The fire was brief, but very hot. Not much escaped. Since the fire was in my daughter’s apartment bedroom, the losses were tangible and emotional. She wasn’t there, but the intense blaze consumed clothing, carpet, cosmetics—just about everything she had gathered for a life on her own. The scene was sad: a small TV, melted into itself; charred dresses; singed shoes.

Between smoke and flame, not much was salvageable. One, however, is worth telling about.

It is a white porcelain bust of the Madonna, very stylized and quite old. It was my wife’s when she was a young child, given for some sacramental event. Through the years, the haloed, serene Mary has managed to occupy the dresser-top of each of our daughters.

It fell to our youngest, by virtue of being the last to possess it, to keep when she left home.

In the fire, it was blasted with heat and darkened with soot. But Mary survived.

We brought her home, along with whatever few possessions—most perfumed with acrid smoke—we could save. Most will end up being tossed. But Mary, we cleaned.

The soot scrubbed off, restoring the white porcelain. Mary’s enigmatic smile returned, and the family heirloom—worthless, except for the connection it signified—was ours again.

Then we looked closer: along the base of the figurine, the glaze had cracked and crazed. Whether from the heat of the fire or from the age and handling received over nearly five decades, two cross-county moves and several shorter treks we don’t know. Only that in the fire soot filled the cracks and now Mary looked a little ragged.

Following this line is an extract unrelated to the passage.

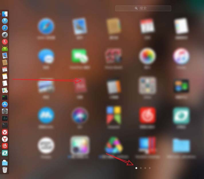 4、然后點擊圖一的圖標,然后進入到軟件列表到下面的第一個圓點的界面,四根手指放到觸控板上,往左側滑動,如果不可以滑動,那么說明關閉了儀表盤了的。

At first there was concern; after all, Mary, icon of Christians everywhere, was no longer perfect. This Mary, at least, was flawed.

But in that flaw is a very real and powerful parable: When we perceive our faith perfect and out of reach, we distance ourselves from it. We are unable, sometimes, to see the connection between the God who loves us perfectly and our own struggles and failings, even the places where we are a little frayed and ragged around the edges; in other words: our imperfections.

The truth is, of course, that only when we see that we, like that bust of Mary, can be loved in spite of our imperfections, can we, finally, appreciate the touch of a loving God.